To find the change in velocity of the car, we need to calculate the vector difference between the initial and final velocities. We can do this by subtracting the initial velocity vector from the final velocity vector.
Let's assume that the positive x-axis points east and the positive y-axis points north. Then the initial velocity of the car can be represented as:
v1 = 15 m/s * north
And the final velocity of the car can be represented as:
v2 = 18 m/s * east
To calculate the change in velocity, we need to subtract the initial velocity vector from the final velocity vector:
Δv = v2 - v1
Δv = (18 m/s * east) - (15 m/s * north)
To add or subtract vectors, we need to resolve them into their x and y components. The x component represents the vector's magnitude in the east-west direction, while the y component represents the vector's magnitude in the north-south direction.

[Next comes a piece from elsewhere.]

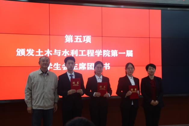 随后,李斌老师和何春老师为第一届员工会主席团颁发聘书,并合影留念。

The magnitude of the x component of Δv is:
Δvx = 18 m/s * cos(90°) - 15 m/s * cos(0°)
Δvx = 0 - 15 m/s
Δvx = -15 m/s
The magnitude of the y component of Δv is:
Δvy = 18 m/s * sin(90°) - 15 m/s * sin(0°)
Δvy = 18 m/s - 0
Δvy = 18 m/s
Therefore, the change in velocity of the car is:
Δv = -15 m/s * north + 18 m/s * east
This means that the car's velocity changed by 15 m/s in the northward direction and 18 m/s in the eastward direction. The magnitude of Δv can be calculated using the Pythagorean theorem:
|Δv| = sqrt((-15 m/s)^2 + (18 m/s)^2)
|Δv| = 22.8 m/s
So the magnitude of the change in velocity is 22.8 m/s, and the direction of the change is 53.1 degrees east of north.